The different respiratory viruses are spread in much the same way. Many of them are very contagious. The viruses are usually spread in one of 3 ways:

  • Direct contact—such as kissing, touching or holding hands—with an infected person.
  • Indirect contact –such as touching something—a toy, doorknob or another surface—that has been touched by an infected person and now has germs (virus) on it.
  • Through the air when a person coughs or sneezes. Droplets from the cough or sneeze can reach another person’s nose or mouth.  Being close (less than two meters apart) to someone with the infection who is coughing or sneezing.

OPH will continue to monitor the COVID-19, influenza and RSV situation in Ottawa using a variety of monitoring indicators such as wastewater signals, test positivity, vaccination levels, outbreaks, hospitalizations and deaths. 

This information will continue to be available on our website. 




Respiratory Syncytial Virus (RSV)

Respiratory syncytial virus (RSV) infects the lungs and airways. It causes colds and is the most common cause of broncholitis in young infants and toddlers. Most children will have at least one RSV infection by the age of two. The infection is most severe in young babies and older adults and can cause serious lung infections that may require hospitalization. However, most infants and children infected by RSV typically experience mild symptoms that last a few days. Older children and adults also get RSV but symptoms are typically mild, similar to a common cold.

After exposure to the virus, it can take two to eight days before children become sick and are contagious for up to three to eight days. Children are often exposed to and infected with RSV outside the home, such as in school or child care centers, and can then transmit the virus to other members of the family.

Symptoms of RSV

Children with RSV may experience symptoms like a cold or flu. They can include:

  • Coughing
  • Runny nose
  • Fever
  • Wheezing
  • Decreased appetite and energy
  • Irritability
Common cold

The ‘common cold’ is caused by viruses (germs) that infect the nose, throat and sinuses causing upper respiratory tract infections. Colds are most common in the fall and winter when people are indoors and in close contact with each other. They're so common in fact that it's normal for children under five years old to have as many as 12 upper respiratory tract infections (URTIs) in one year.
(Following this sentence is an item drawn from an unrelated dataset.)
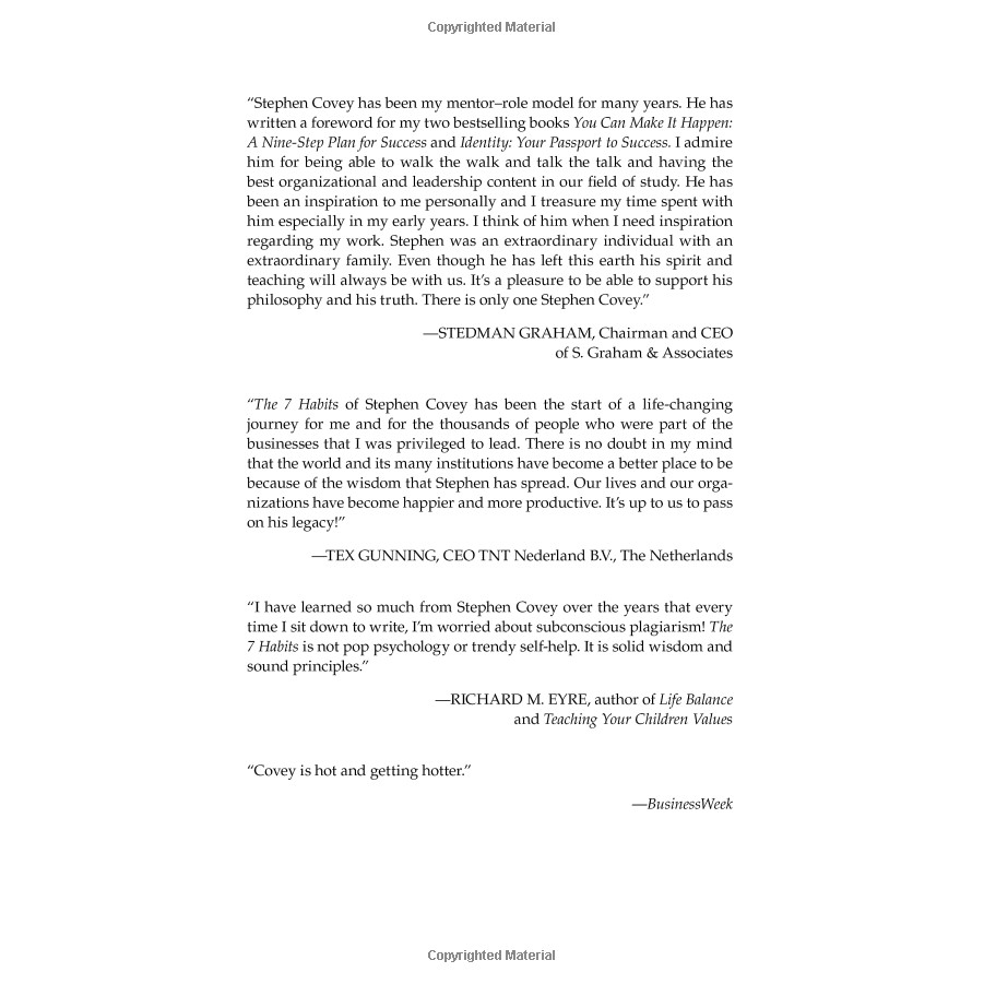 Thông tin sách: ISBN: 9781451639612 Tên Nhà Cung Cấp Simon And Schuster Tác giả Stephen R Covey NXB Simon & Schuster Năm XB 0 Trọng lượng (gr) 650 Kích thước 21.3 x 2.5 x 14 Số trang 432 Hình thức Bìa Mềm Ngôn ngữ Sách Tiếng Anh. Giới thiệu Sách: Tác phẩm “7 Thói quen Hiệu quả/ 7 Habits for Highly Effective People” đã ra đời hơn 25 năm, được biết đến là cuốn sách quản trị (quản trị bản thân và quản trị tổ chức) bán chạy nhất mọi thời đại với hơn 30 triệu bản bán ra trên toàn thế giới và được dịch sang 40 ngôn ngữ. Sách có mặt tại thị trường Việt Nam hơn 10 năm nay dưới cái tên “7 Thói quen để Thành đạt”. Ấn bản mới năm 2016 được đặt lại đúng với cái tên mộc mạc vốn có của bản gốc Tiếng Anh và có nội dung không chỉ được dịch lại toàn bộ cho sát nghĩa, dễ đọc hơn với các độc giả mà còn được cập nhật thêm những công cụ và ví dụ thực tiễn từ phiên bản nước ngoài mới nhất và có hình ảnh bìa (màu xanh đậm) giống với phiên bản gốc mới nhất. Trích lời giới thiệu của nhà giáo Giản Tư Trung – tác giả sách Đúng Việc (lời giới thiệu chỉ có trong ấn bản tiếng Việt được dịch bởi FranklinCovey Việt Nam): Tên đầy đủ của cuốn sách này, nếu dịch sát nghĩa sẽ là: “7 Thói quen của người có hiệu quả vượt trội” còn nếu dịch một cách ngắn gọn nhưng vẫn sâu sắc sẽ là “7 Thói quen Hiệu quả”. Gần như Stephen Covey đã dành cả cuộc đời mình để nghiên cứu về tính hiệu quả của con người, để đi tìm câu trả lời cho ba câu hỏi lớn lao, đó là: Vì sao con người ta trở nên ít hiệu quả?; Điều gì làm cho con người ta trở nên hiệu quả cao?; và Điều gì tạo nên hiệu quả bền vững? và 7 Habits chính là sự đúc kết sự nghiệp nghiên cứu cả đời của ông cho ba câu hỏi mang tính “muôn đời” đó. Mơ ước của hầu hết mọi người trong đời là trở thành một con người thành công và hạnh phúc bằng chính tài năng và đạo đức của mình. Ở bình diện tổ chức hay các quốc gia cũng vậy. Một tổ chức hay quốc gia càng có nhiều người hướng đến thành công bằng tài năng và đạo đức, tổ chức hay quốc gia đó càng có cơ hội phát triển thịnh vượng và văn minh. Tài năng và đạo đức đã trở thành những phẩm chất được tìm kiếm và tôn vinh hàng đầu trong mọi xã hội và mọi thời đại, và chúng có một mối liên quan chặt chẽ với với hiệu quả và hiệu quả bền vững. Cần có tài năng thì mới tạo ra được hiệu quả, cần có đạo đức thì mới tạo ra được hiệu quả bền vững. Và ngược lại, không ai có thể được xem là tài năng nếu không tạo ra hiệu quả, cũng như không ai có thể được coi là có đạo đức nếu như việc tạo ra hiệu quả đó chỉ là nhất thời chứ không mang tính bền vững, bởi lẽ, để tạo ra hiệu quả bền vững thì luôn phải dựa trên nền tảng đạo đức. Vì thế, câu trả lời về “hiệu quả” cũng chính là”lời đáp” cho câu chuyện về tài năng và đạo đức mà nhiều người tìm kiếm, mà lại là một “lời đáp” được đúc kết bằng việc chuyển hóa một hệ thống giá trị ở bên trong để hình thành bản tính thành công bền vững của con người, chứ hoàn toàn không phải là những chiêu trò hay thủ thuật ở bên ngoài.

Upper respiratory tract infections, like colds, cause symptoms in the nose, throat and sinuses. They can include:

  • Blocked or runny nose
  • Cough
  • Fever
  • Sore throat
  • Poor appetite

Vaccination and treatment


There is currently no Health Canada approved vaccine for RSV.

How to treat RSV at home?

  • Use over-the-counter acetaminophen or ibuprofen for fever and pain. Do not give ibuprofen to babies under six months old without first speaking to your health care provider. Never give aspirin to children.
  • Offer plenty of fluids to prevent dehydration. If your baby is having trouble drinking, try to clear nasal congestion with a bulb syringe or saline nose drops.
  • A lukewarm bath or wet face cloth may help your child feel more comfortable. Avoid cold baths because they can make your child shiver, raising their temperature.
  • Dress your child in light clothing. If your child starts to shiver, add warmer clothing and remove them when the shivering stops.
  • Consult your health care provider before giving your child non-prescription cold medicines or if you have concerns about your child’s symptoms.